Laser spectroscopy and laser probes now provide previously unobtainable information on the physico-chemical structure and processes of the ocean microlayer. Methods range from laboratory techniques to in situ ocean microlayer probes.
In the laboratory, laser-induced fluorescence from water-soluble dye molecules is used to track aqueous layer interfacial movement. With these techniques, researchers infer turbulence in the upper several millimetres of a water surface. It is also possible to measure timescales of interfacial layer concentration fluctuations and interfacial layer penetration depths thus providing estimates of gas transfer velocities. Laser induced fluorescence methods are presently limited to laboratory studies.
Two-dimensional scanning laser slope gauges provide in situ measurement of ocean slope.

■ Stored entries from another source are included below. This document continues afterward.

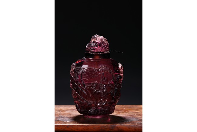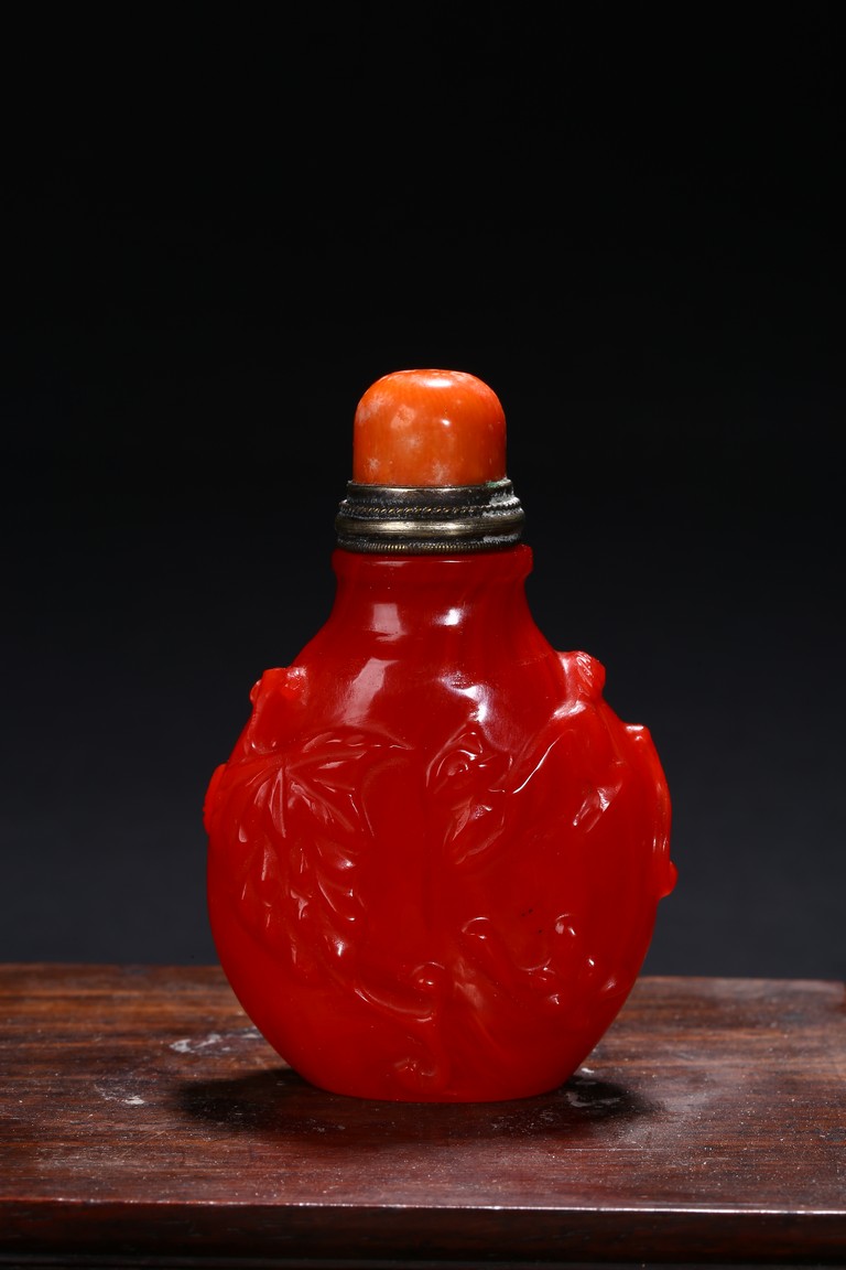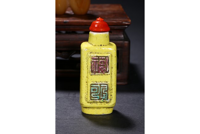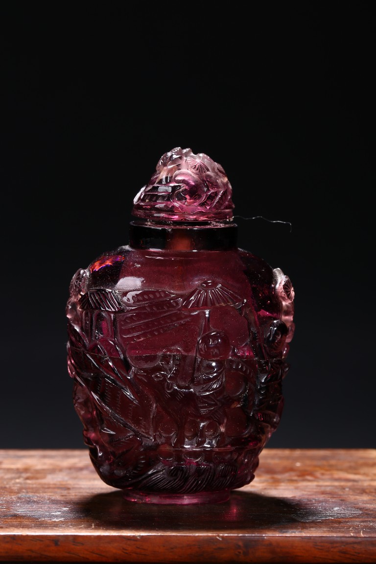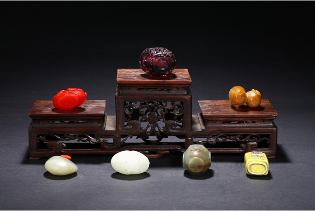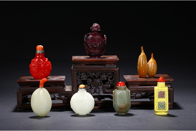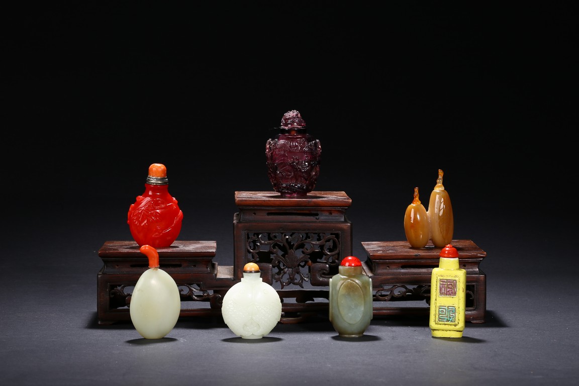 Including of a purple color carved glass snuff bottle; a chinese yellow glazed snuff bottle; a red carved snuff bottle; a celadon jadeite snuff bottle; a pale white carved snuff bottle; a brown color snuff bottle; a white egg shaped snuff bottle.Qing Dynasty period.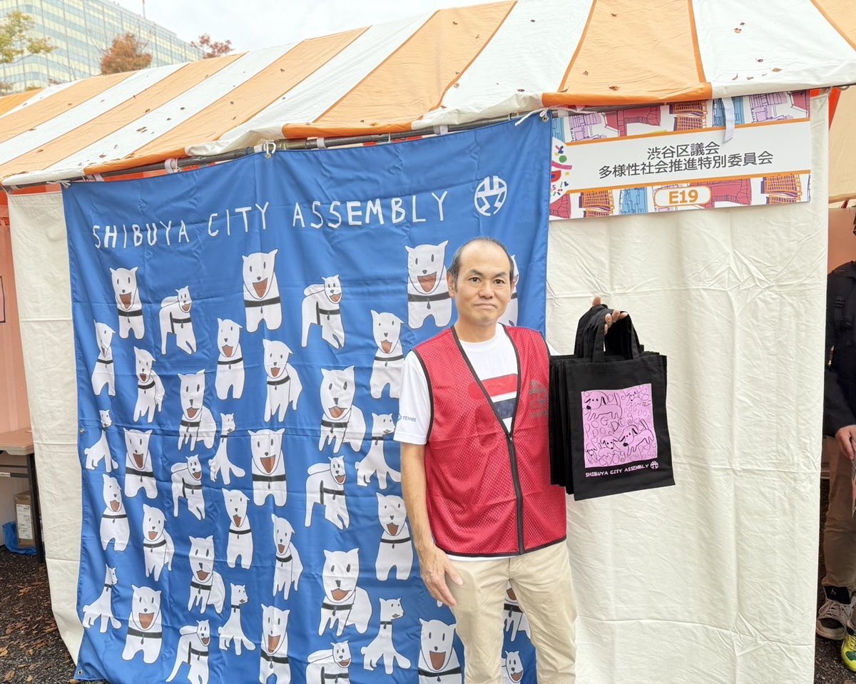 今日は、明日11月2日まで開催される、渋谷くみんの広場ふるさと渋谷フェスティバル2025へ。#渋谷区議会、多様性社会推進特別委員会のブースを見て頂いた方に、障がい者の方が描いたかわいい犬のデザインのエコバックをお配りしました。 #渋谷区 #立憲・国民渋谷議員団 #はるた学 pic.x.com/PHgoOvgM79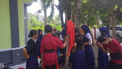 halaman sekolah guna mempersiapkan diri untuk mengikuti festival Gandrung Sewu yang akan di selenggarakan oleh pemerintah Kabupaten Banyuwangi 26 Oktober 2024 mendatang bertempat di pantai Boom, Banyuwangi, Jawa Timur.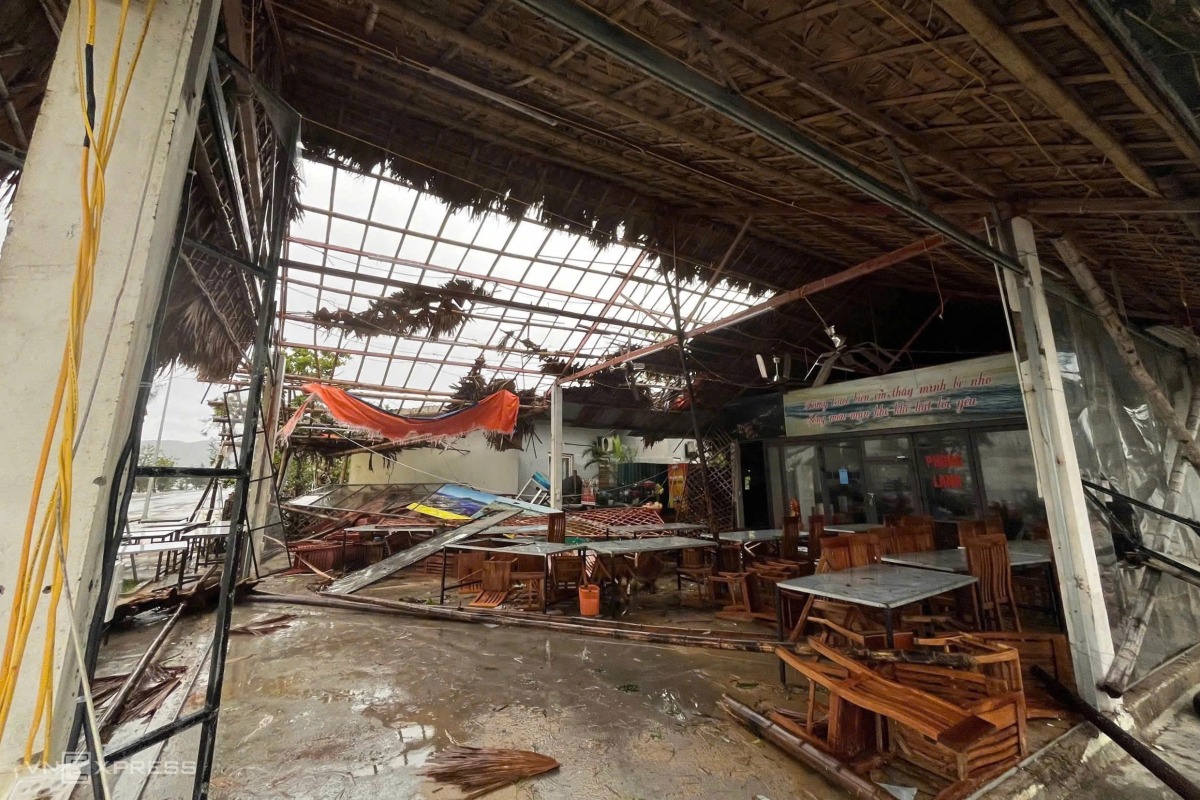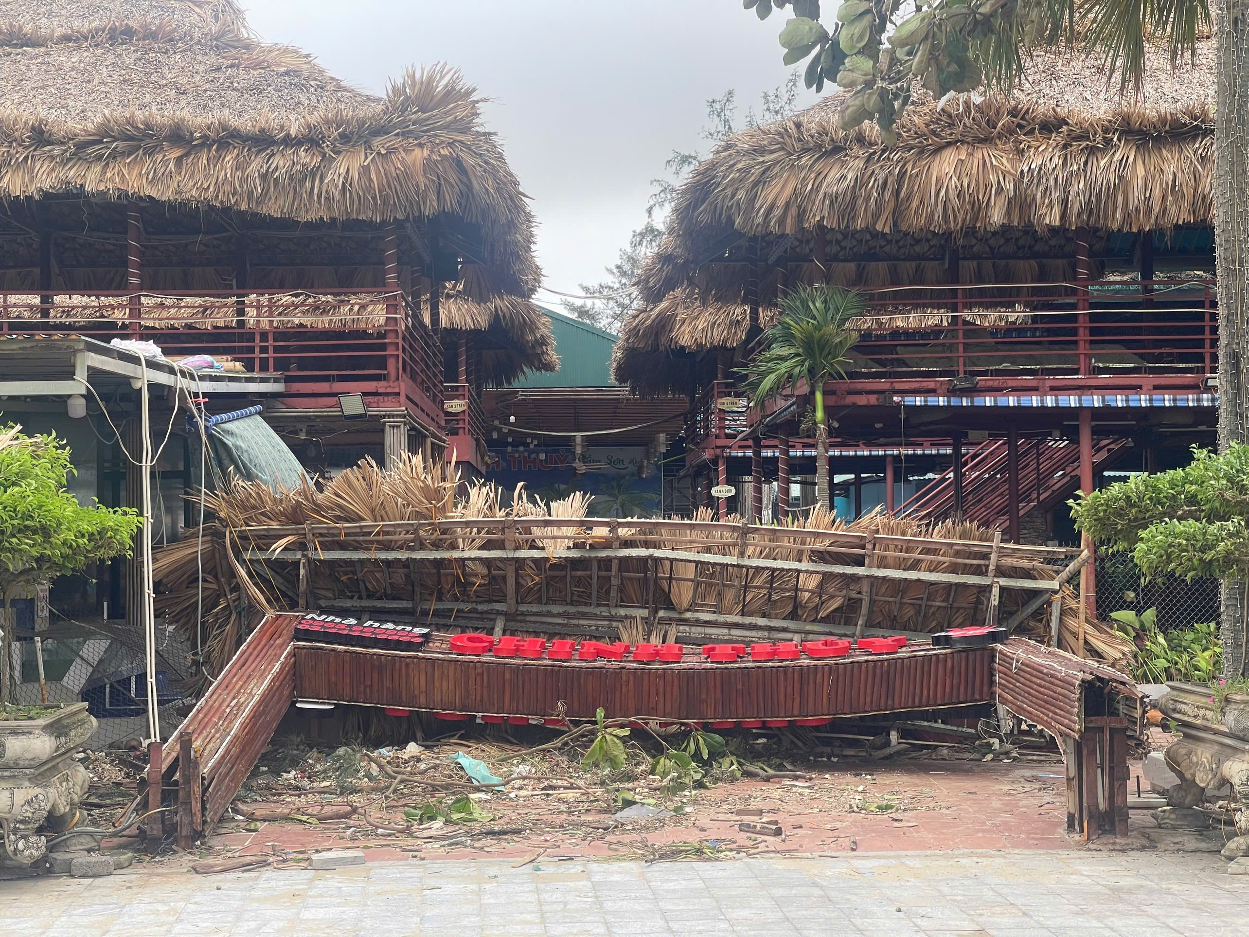 Một nhà hàng ven biển bị tốc mái, gãy khung, dù đã được chủ quán, gia cố, chằng chống trước bão.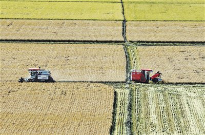 在位于黑龙江省双鸭山市的北大荒集团友谊农场有限公司,机械设备在进行水稻收获作业(9月23日摄)。 眼下,全国产粮第一大省黑龙江省各垦区粮食作物长势喜人,“中国粮仓”展现出一派丰收图景。今年以来,黑龙江省聚焦粮食单产与品质提升,通过提高耕作水平不断提高粮食综合生产能力,夯实粮食丰收基础。2025年,北大荒农垦集团有限公司秋收总面积达4677.20万亩。截至10月10日,已收获3969.03万亩,完成84.86%。 新华社记者 王松 摄

Ocean slope is measured from the refraction of a vertical laser beam upon passing from the ocean into the air. By rapid scanning of the laser beam through a geometric pattern on the ocean surface, the researcher determines ocean wave slope at a variety of surface positions. This measurement is performed on a timescale during which the ocean surface is essentially frozen in time. From the set of slopes, an estimate is obtained of the two-dimensional capillary–gravity wave spectrum for a given instant of time and a given region of ocean surface.
Nonlinear spectroscopic processes such as reflected second harmonic generation and reflected sum frequency generation provide non-intrusive in situ spectroscopic probes of the ocean surface.